Are you noticing odd pimples or red, itchy bumps on your skin where hair normally grows? You may have a condition known as folliculitis. Folliculitis is an infection of the hair follicle. Untreated, infected hair follicles can cause infections to occur in the blood or even internal organs. A visit to the doctor will diagnose the type of folliculitis you have so you can begin treatment right away.
Some forms of folliculitis are caused by a bacterial infection of the hair follicle. Staphylococcus, more commonly known simply as staph, is the most common type of bacterial infection that causes folliculitis. Staph occurs naturally on the body. When it infects a hair follicle and rapidly reproduces, it can produce pimple-like bumps at the hair follicle. It is most commonly treated with an antibiotic.
A fungal infection of a hair follicle can also produce folliculitis. Hair follicles that are infected with a fungus can be red, itchy and bumpy. Sometimes, the bump will form a white head, giving it the appearance of a pimple. The most common form of hair follicle fungal infection is caused by keratinophilic fungi and it mostly affects men or teens who are shaving. This condition is called tinea barbae and can be treated with an antifungal medication.

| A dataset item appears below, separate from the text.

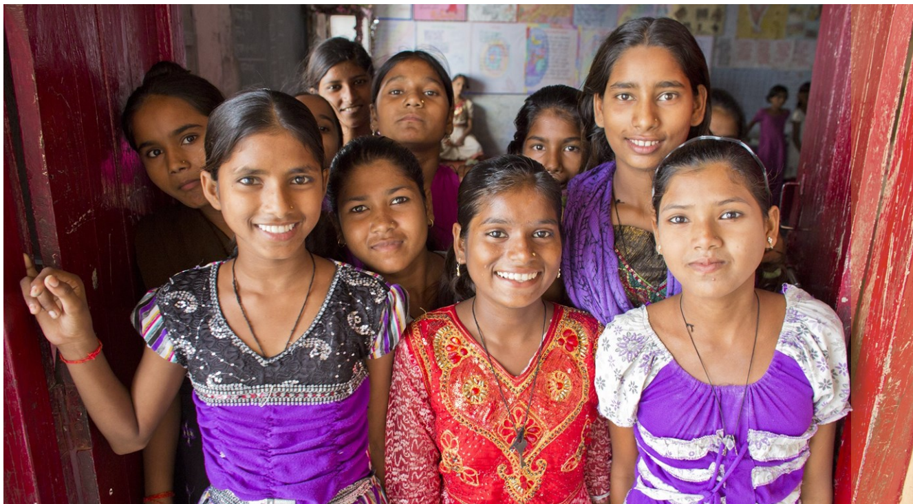
Les programmes de CARE Inde se concentrent sur l'empowerment des femmes et filles.

Shaving can create an environment for both bacterial and fungal folliculitis. However, it can also cause pseudofolliculitis, more commonly called ingrown hairs. When the shaft of a hair is shaved off below the surface of the skin, the hair follicle can become blocked by dead skin cells or natural skin oils combined with dirt. This makes it difficult for the hair to surface, resulting in a hair that curls back on itself or grows sideways.
Clothing that is too tight can cause folliculitis to develop because of friction and excessive sweating. Friction can cause dead skin cells to block the hair follicle. Sweating, combined with dirt, oils or skin cells, can created a plug that prevents a hair from being able to grow beyond the surface of the skin. This can cause pseudofolliculitis, bacterial folliculitis or fungal folliculitis.
A person who does not bathe regularly or thoroughly may be more prone to bacterial or fungal folliculitis. While bacteria and fungi occur naturally on every person's skin, normal bathing and beneficial bacteria usually keep the harmful bacteria and fungi in check. Poor hygiene can create conditions that allow the harmful bacteria and fungi to rapidly reproduce, causing folliculitis or other skin infections.